__WORK ITEM__
Where the line holding "Tanto no norte" appears, start copying, and continue exactly through the last line of the listing, skipping pictures.

TASK MATERIAL START

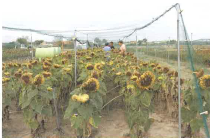
Foto 1. Cultivo de girasol.

Este trabajo se ha realizado en una parcela experimental del S.I.A. de Zaragoza, que dispone de riego por aspersión sectorizado. Entre cuatro aspersores se ubicó el ensayo durante tres años (96-97-98) y se utilizó la semilla comercial Albasol. La siembra se hizo con sembradora de microensayos, la recolección a mano y el resto de labores con aperos tradicionales.
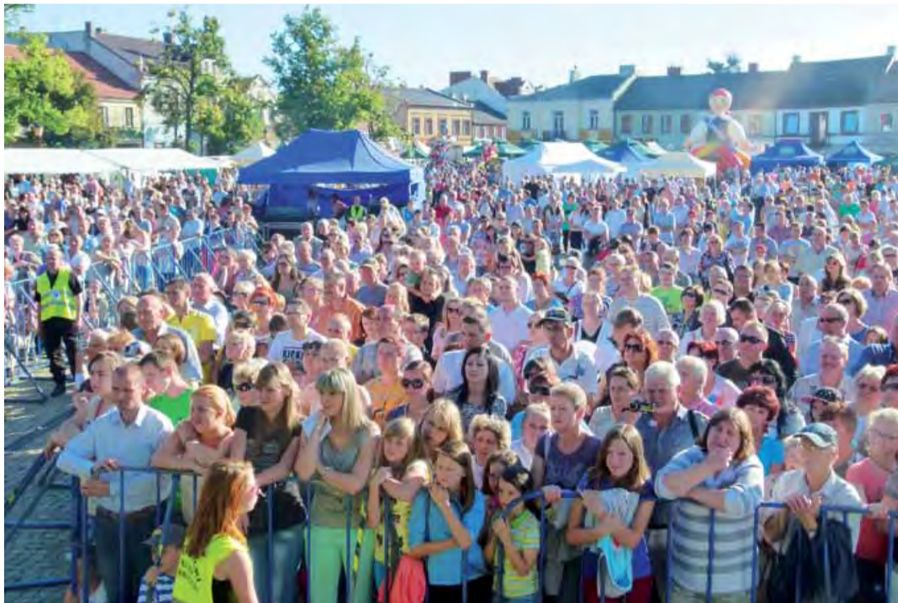
Nowy Rynek był przez większą część imprezy pełen ludzi

Praktycznie zaraz po rozpoczęciu jury, pod przewodnictwem znanego doskonale z występów w telewizyjnych programach kulinarnych takich jak „Pascal: Po prostu gotuj!” stacji TVN kucharza francuskiego pochodzenia Pascala Brodnickiego, w skład którego wchodził także m.in. burmistrz Kaliński, prze-
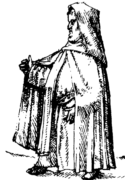
Hans Holbein, o jovem, fez xilogravuras como ilustrações para O Elogio da Loucura de Erasmo, uma sátira sobre os males da Igreja. Nas três aqui reproduzidas, Holbein representa um gordo monge, a alma de um monge entrando no corpo da Loucura, e umas pessoas adorando uma imagem.

Tanto no norte como no sul da Europa, a Renascença deixou resultados duradouros; O estudo do passado clássico pagão gerou um modo secular de viver, no
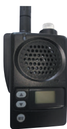
列車見張員 支援装置

TASK MATERIAL END

__RESPONSE TO THIS EXERCISE__
Tanto no norte como no sul da Europa, a Renascença deixou resultados duradouros; O estudo do passado clássico pagão gerou um modo secular de viver, no
列車見張員 支援装置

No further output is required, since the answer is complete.